- _THE RECORDS_:
[Start of Attachment]

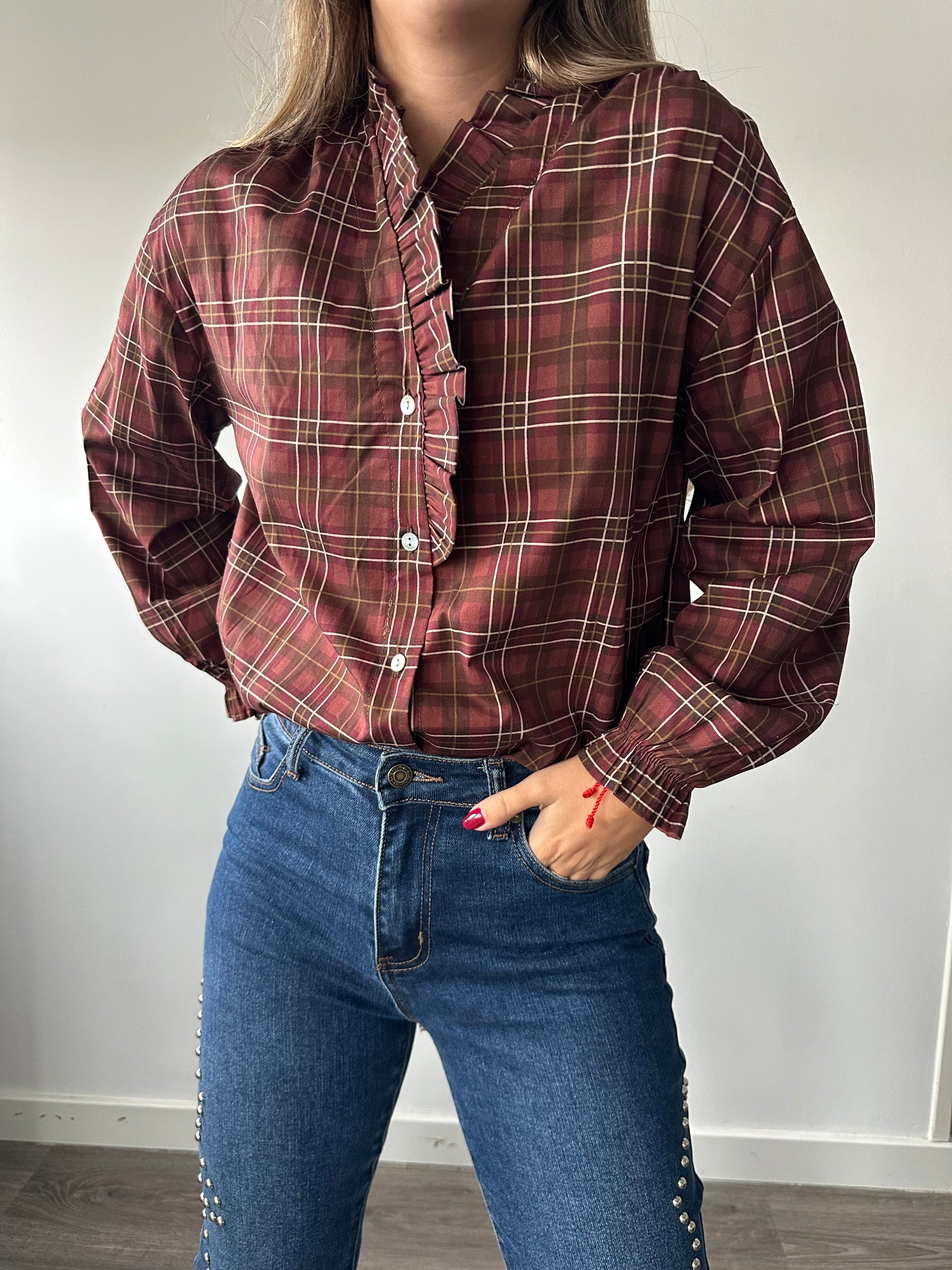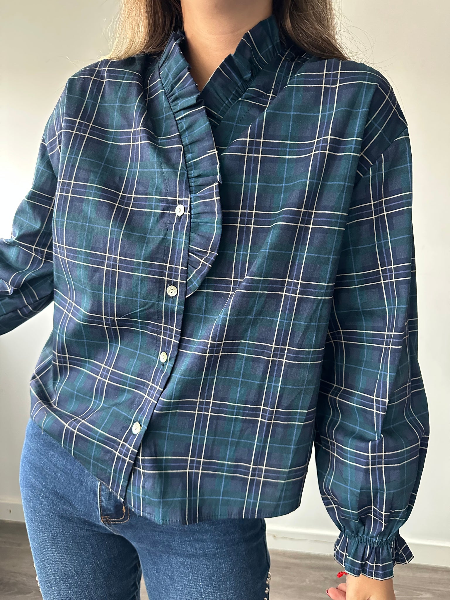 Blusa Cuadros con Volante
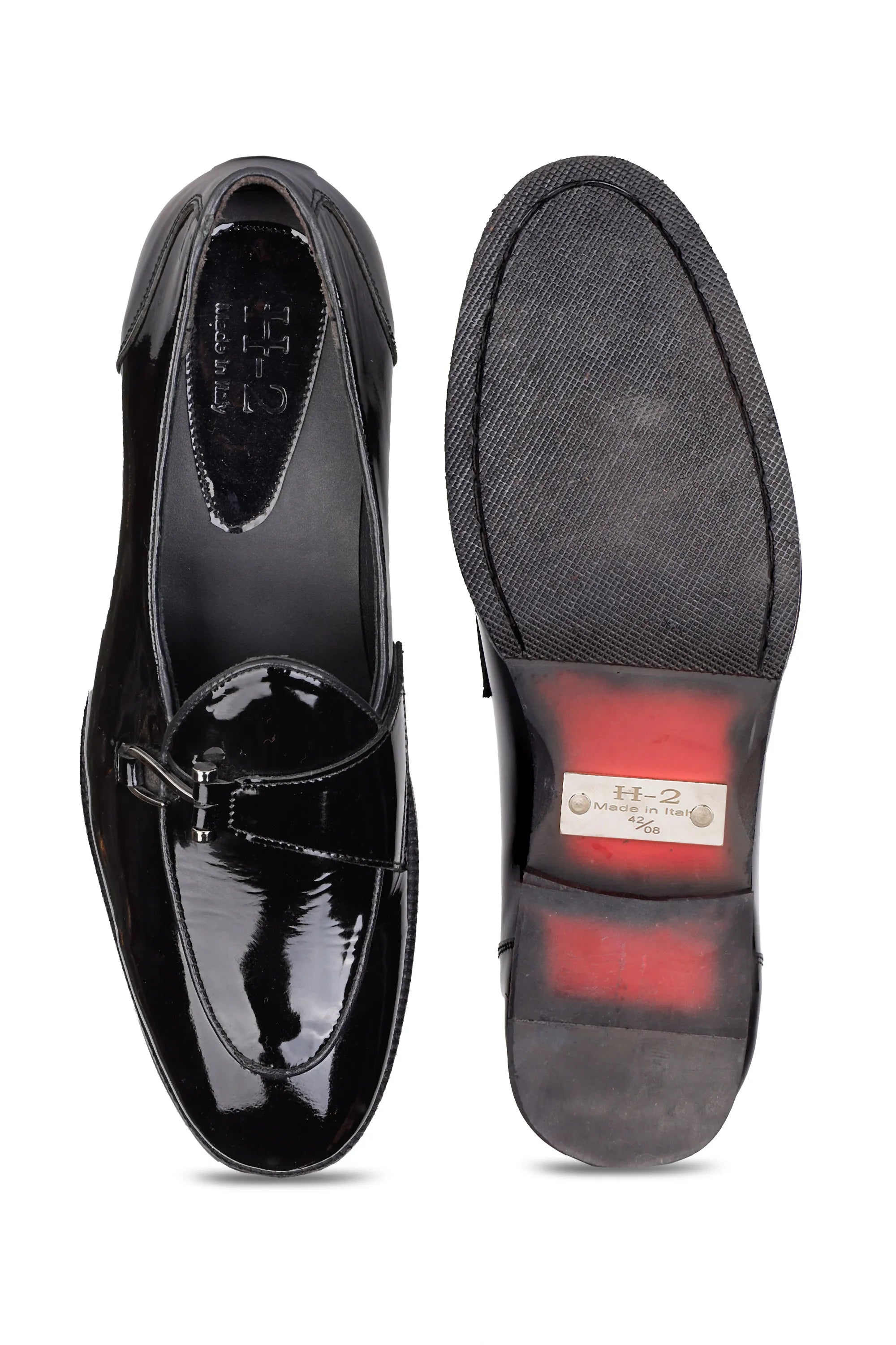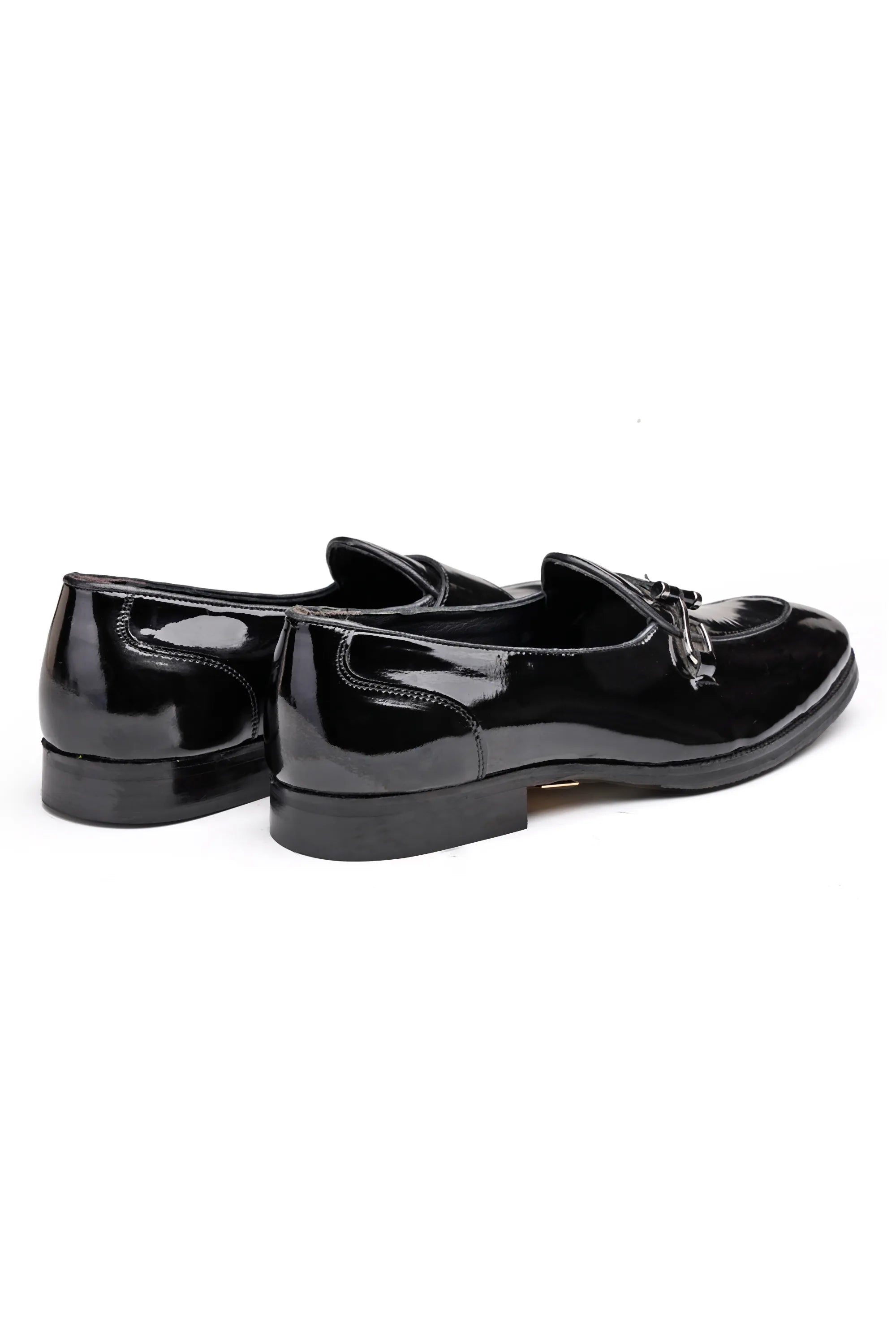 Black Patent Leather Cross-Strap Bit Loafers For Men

[End of Attachment]
[Start of Attachment]

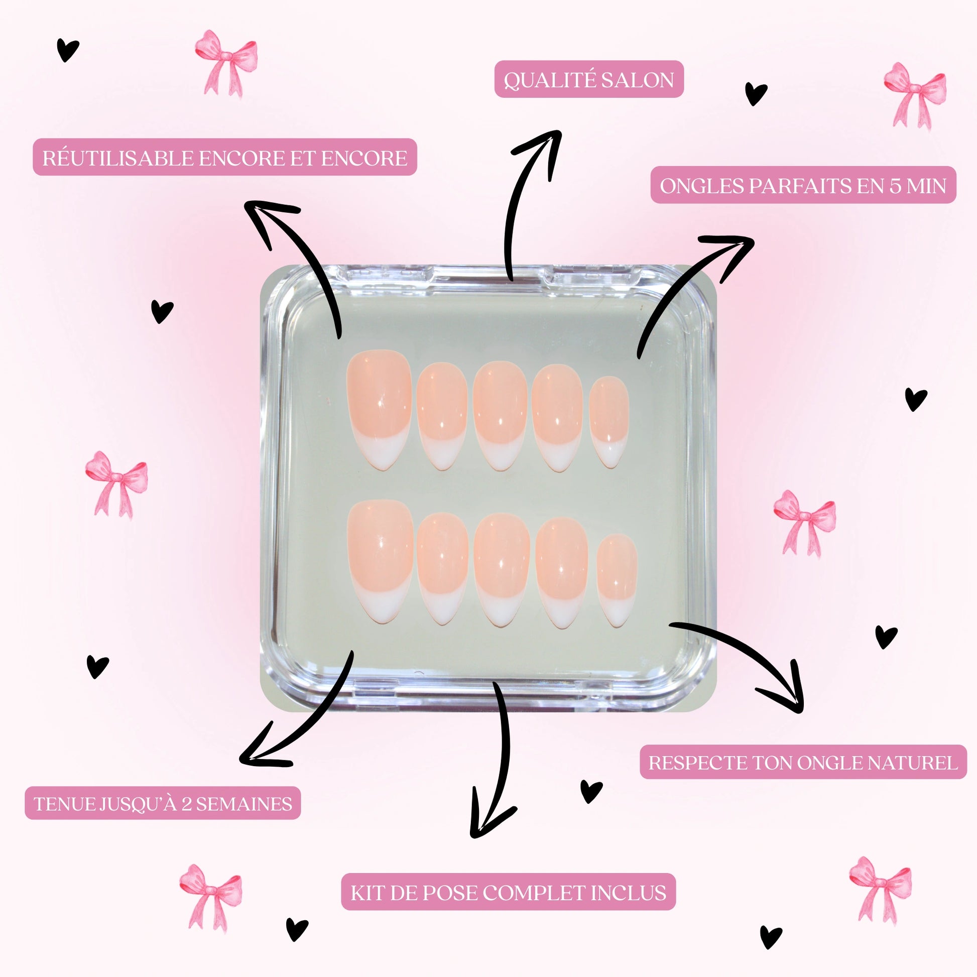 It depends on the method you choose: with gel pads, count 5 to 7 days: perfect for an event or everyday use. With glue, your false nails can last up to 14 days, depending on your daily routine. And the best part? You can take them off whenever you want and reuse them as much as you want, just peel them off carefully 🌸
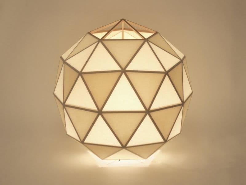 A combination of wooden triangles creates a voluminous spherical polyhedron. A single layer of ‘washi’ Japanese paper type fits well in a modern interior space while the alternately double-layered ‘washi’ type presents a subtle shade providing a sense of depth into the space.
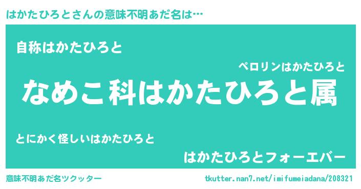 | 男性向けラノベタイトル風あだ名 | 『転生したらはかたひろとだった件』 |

[End of Attachment]

- _EXERCISE OBJECTIVE_: Reproduce, word for word, only the lines in the records above from the line with "Blusa Cuadros con Volante" through the line with "Black Patent Leather", including both ends; omit the pictures.

- _TASK RESULT_:
 Blusa Cuadros con Volante
 Black Patent Leather Cross-Strap Bit Loafers For Men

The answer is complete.